### GIVEN DATA

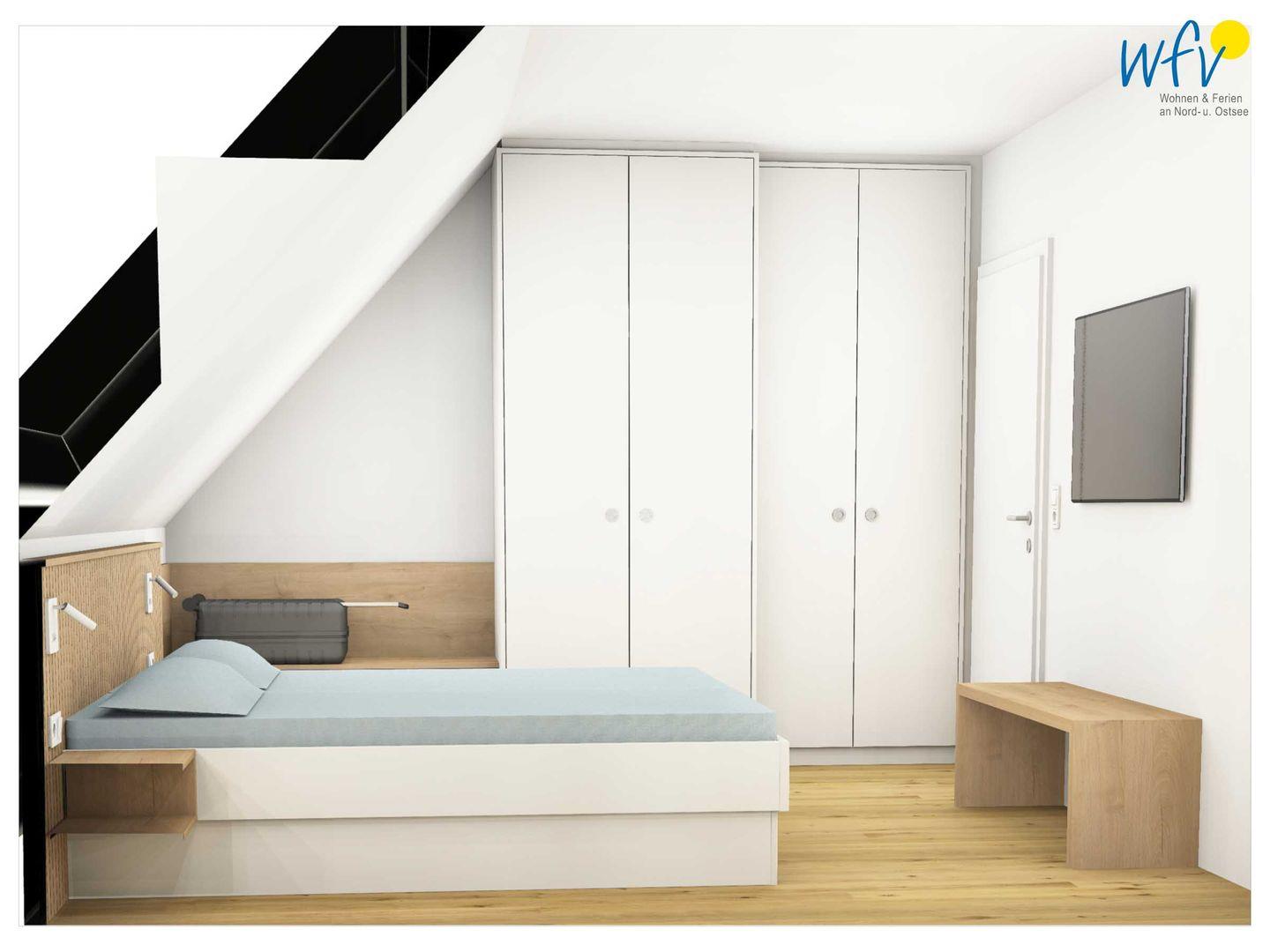 Wenn auf Wangerooge die Sonne untergeht, versprechen zwei separate Schlafzimmer eine angenehme Nachtruhe. Das Schlafzimmer im Dachgeschoss ist mit einem komfortablen Doppelbett eingerichtet, im Spitzboden erwarten Sie zwei Einzelbetten. Geräumige und maßgefertigte Einbauschränke bieten Platz für Ihre Urlaubsgarderobe.
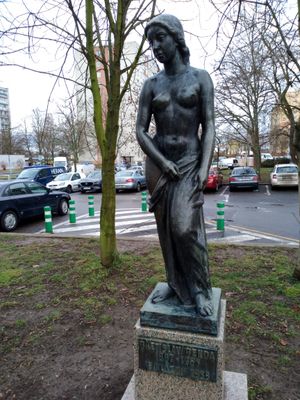 Socha "Po lázni" v Řepích, statue in Prague, Czech Republic
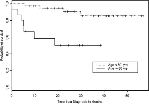 The trial showing that the addition of rituximab to the CHOP regimen increases complete response (CR) rate and overall survival (OS) in elderly patients (pts) with diffuse large B-cell lymphoma (DLBCL) did not include pts over the age of 80 (Coiffier, 2002, NEJM). There is very limited data on octogenarians with DLBCL. These pts are often treated with reduced-dose therapeutic regimens, which may lead to a poorer OS (Meyer, 1995, J Clin Oncol). We were interested in examining the proportion of pts with DLBCL aged 80 and over in our institution; to characterize the determinants of their OS; to assess how many received standard therapy; and, to define which characteristics lead physicians to withhold therapy. Patients and method: A retrospective chart analysis was conducted of clinical and pathological data on all new cases of DLBCL from 2004 to 2008. Clinical data collected included International Prognostic Index (IPI), LDH, therapy received, and survival. Pathologic data included presence or absence of bcl-6 and/or bcl-2 expression, and proliferative fraction as determined by the level of Ki-67. This study received IRB approval. A Kaplan-Meier survival analysis was performed, Fisher's exact test was used to estimate p value for proportions, and confidence intervals were estimated for means. Results: We identified 54 new cases of DLBCL with a median age of 69.5 years. Fifteen pts (27.8%) were age 80 or older. Male to female ratio was 1:1.5. The average IPI was greater in pts above 80 than in pts below 80 years of age, 3.0 [95% confidence interval (CI), 2.17-3.83] vs. 1.9 [95% CI, 1.51-2.29 ], respectively. The LDH was high in 57.9% (22/38) of pts in the younger group vs. 69.2% (9/13) of pts in the older group (p=0.52). The presence of bcl-6 in the younger group versus the older group was 88.6% (31/35) and 84.6% (11/13), respectively (p = 0.65). The expression of bcl-2 in the younger group versus the older group was 55.9% (19/34) and 66.7% (8/12), respectively (p=0.73). The proportion of younger pts vs. older pts with high Ki67 (>80%) was 45.7% vs. 53.8%, respectively (p= 0.75). Thirty six pts under age 80 received RCHOP compared to 7 pts 80 years and over (97.3% vs. 50%) (p=0.0006). There did not seem to be a correlation between IPI or co-morbidity and whether pts received treatment. However, therapy tended to be offered to outpatients but withheld from patients hospitalized at time of diagnosis. Chemotherapy had to be reduced or terminated due to poor tolerance in 1 patient in the younger cohort vs. 2 pts in the older cohort. Amongst the older group who did not receive RCHOP, 6 pts (85.7%) did not receive any chemotherapy, while 1 patient received 5 cycles of RCEPP. Kaplan Meier analysis for overall survival of pts under age 80 compared to over age 80 is shown below (HR = 7.0, 95% CI [2.0 – 24.2]), (p = 0.002). All pts above age 80 who did not receive any chemotherapy died vs. 25.0% (1/4) who received full dose RCHOP, vs. 66.7% (2/3) who received reduced RCHOP. The CR rate was 88.6% (31/35) for those aged under 80 vs. 75% (6/8) for those above age 80 (p=0.31), while the relapse rate was 11.4% (4/35) vs. 25% (2/8), respectively (p = 0.31). Conclusions: Though limited, these data reveal interesting findings about pts aged over 80 with DLBCL. With our aging population, more physicians will be faced with the question of how to treat the very elderly with this diagnosis. These pts had a poorer overall survival which, in large part, can be attributed to the fact that therapy was never administered. Age above 80 and hospitalization seemed to be the only clear reasons for withholding therapy. Elderly pts tended to have higher IPIs, but did not seem to have histologically more aggressive tumours. Interestingly, the pts over the age of 80 who died did tend to have more frequent expression of bcl-2. In contrast, all elderly pts who survived were bcl-6 positive. When standard therapy is given to pts over the age of 80, their response rates do not differ from those in younger pts. Further research into pts above 80 years of age with DLBCL is needed to confirm our findings. Nonetheless, our results raise questions about how we approach treatment of DLBCL in the very elderly and suggest that age alone should not prevent standard doses of therapy from being administered.

######

Print exactly what appears from the first line of the listing above down to the line containing "Prague, Czech Republic", inclusive, and leave out all pictures.

 Wenn auf Wangerooge die Sonne untergeht, versprechen zwei separate Schlafzimmer eine angenehme Nachtruhe. Das Schlafzimmer im Dachgeschoss ist mit einem komfortablen Doppelbett eingerichtet, im Spitzboden erwarten Sie zwei Einzelbetten. Geräumige und maßgefertigte Einbauschränke bieten Platz für Ihre Urlaubsgarderobe.
 Socha "Po lázni" v Řepích, statue in Prague, Czech Republic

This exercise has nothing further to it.